Imagine a world-class but spastic ballet dancer. Now run the video in your head about three or four times faster, and try to imagine that ballet dancer carries a long sharp blade, and when it uses that blade on flesh it believes it’s praying. I have never seen anything so horribly brutal that I could also call beautiful. I know it sounds weird, but it was art, like the wildest improvised solo you’ve ever heard spun out, sped up, and then landing at the end with a crash right back on the main riff. Everything happened so quickly it was hard to tell it wasn’t planned. But nobody, not even a demon, ever planned to die like that, on the murderous blade of that giggling, rubbery thing.

Two more of Niloch’s soldiers staggered bleeding off the bridge into nothingness. The whole pack of them now were converging on my unexpected savior like piranha in a feeding frenzy, but I didn’t think it was Smyler’s blood I saw fountaining in the air, or Smyler’s fingers and ears flying out of the scrimmage.
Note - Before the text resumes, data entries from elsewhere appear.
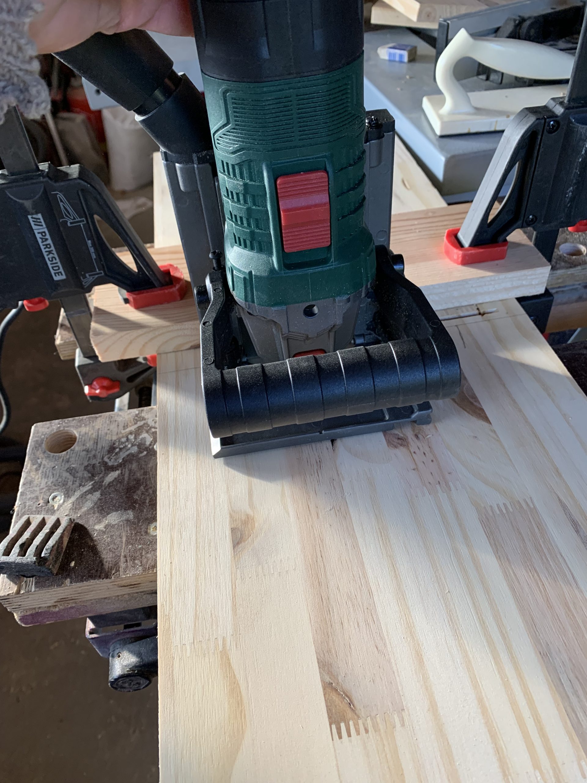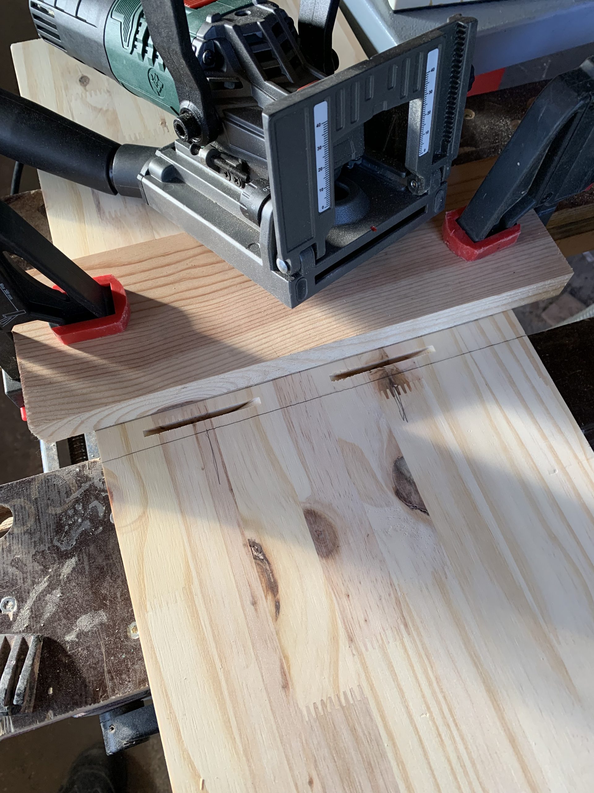 Pour l’assemblage, j’ai utilisé une technique nouvelle pour moi, les biscuits, ou lamelles, car j’ai acheté chez L..L une lamelleuse pas chère.
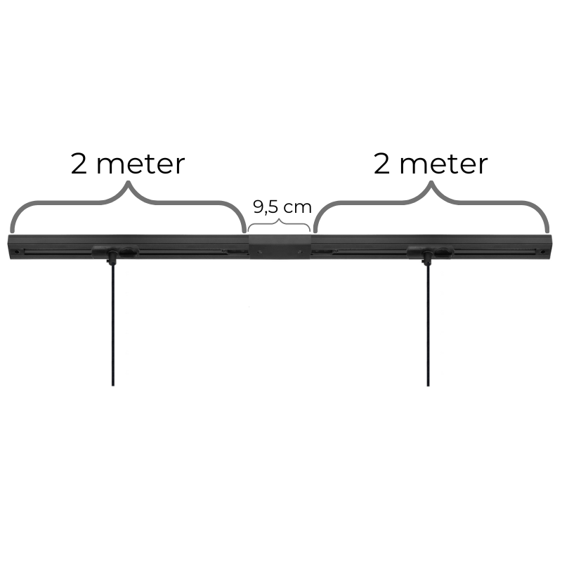 85. Diagram af Nordtronic Square lampeskinne med dimensioner, der viser to 2-meter sektioner forbundet med 9,5 cm midtertilslutning.Square lampeskinne for nedhengte lamper (pendler), til 2 lampe, sentertilkobling, svart, 4 meter
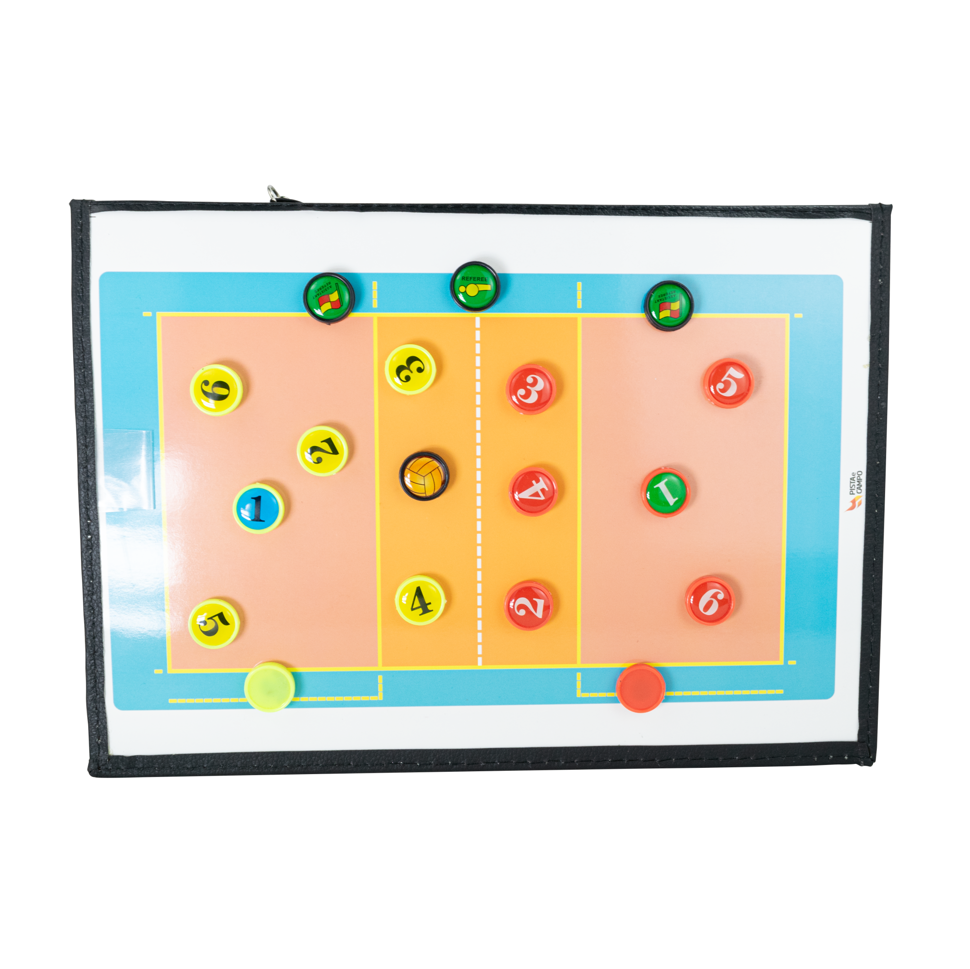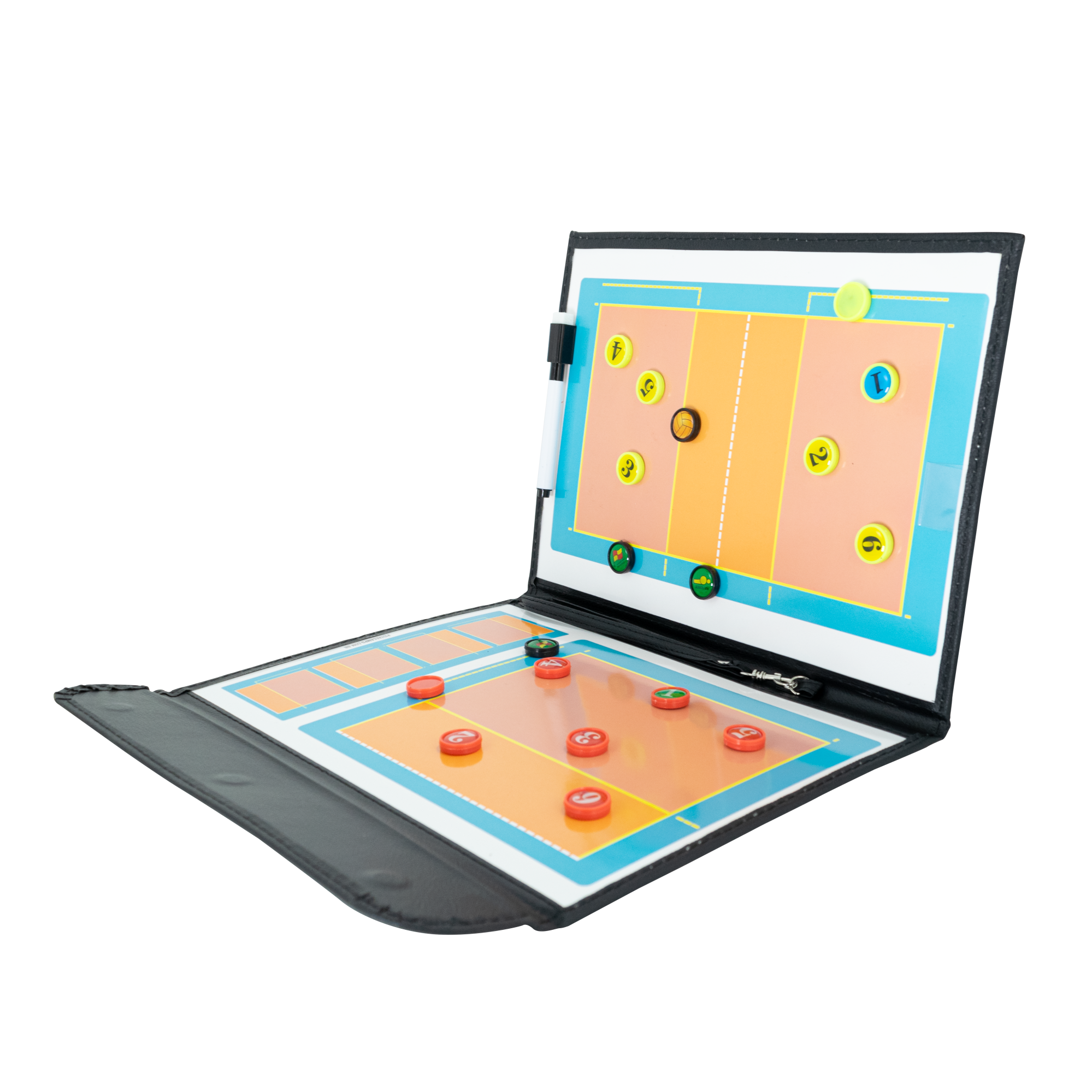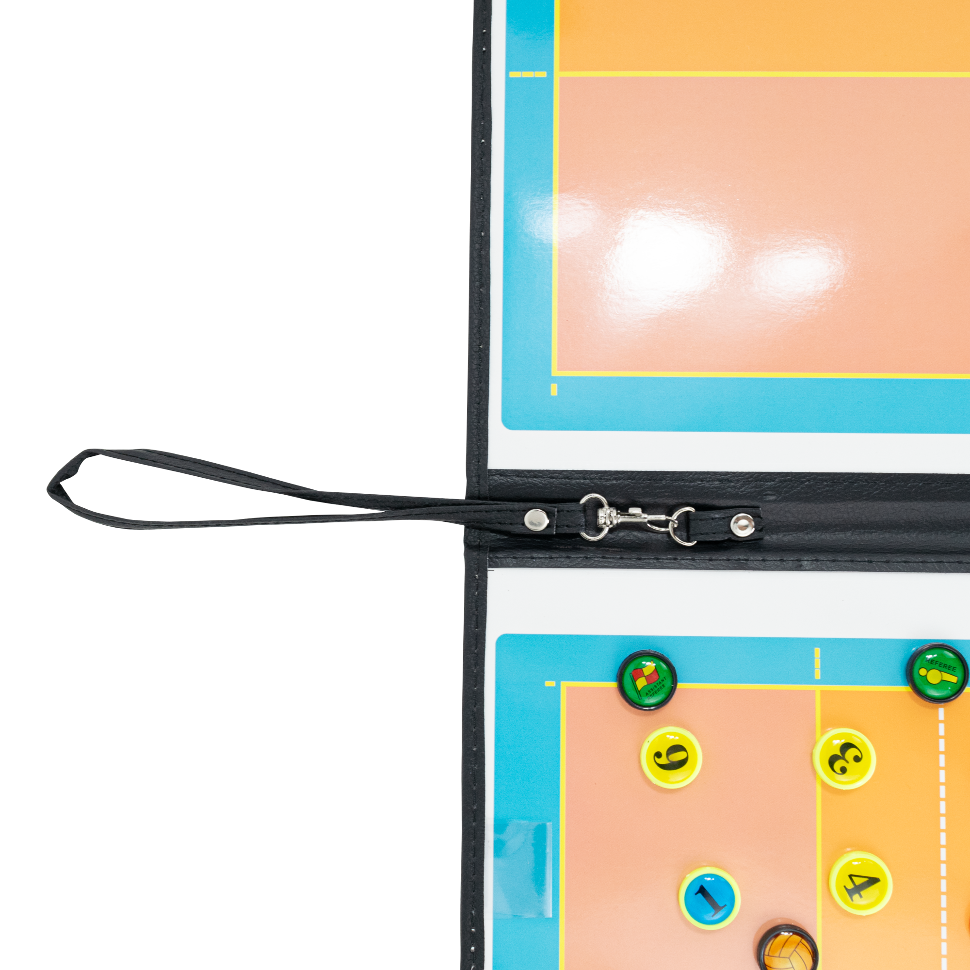 Ferramenta prática para treinos e jogos de vôlei, com superfície magnética tipo quadro branco para desenhar e reposicionar jogadas. Um lado exibe a quadra inteira e o outro meia quadra para orientações específicas. Acompanha imãs e caneta com apagador para uso imediato. Formato tipo pasta em couro sintético, leve e fácil de transportar.

“Run!” he shouted. “Run, angel!” Then, as if to prove Smyler’s kind intent, something else came flying out of the ruckus and rolled to a stop near my feet, blood dribbling from it to join my own good-sized puddle. It was Niloch’s long, skull-like head, the jaws snapping at nothing, slow as a dying crab. The wet red eyes rolled up, and it saw me. Somehow, despite no longer being attached to larynx or lungs, it said in a near-whisper, “I . . . will . . . !”

I didn’t think, just stomped on it as hard as I could, feeling the bones smash beneath my foot. “Shut up,” I said, then kicked the broken, oozing lump off the bridge. “Just. Shut up.”

I ran then, although it was more like hobbling, blood and brain matter still oozing out of the back of my skull, clutching the harpoon stuck through my chest in both hands to minimize the horrible pain from its every movement—a picture William Blake might have painted after a really bad Saturday night. I ran until the bellows and squeals of Niloch’s soldiers had fallen away behind me, then ran on, through a darkness I can’t even remember now. I vaguely recall reaching the elevator, but I think I kept running even after that, throwing myself blindly against the sides of the coffin-shaped box until I understood I was safe, or at least as safe as I’ll ever be in this life, until I could finally say the words Temuel taught me and lay aside my demon body, until I could leave Hell behind me and surrender to blessed, blessed blackness.

I’ve never seen Smyler again since the Neronian Bridge. I don’t know whether he survived. I’m not sure how I feel about that, but I am sure that he saved me when nothing else but God Himself could have done it.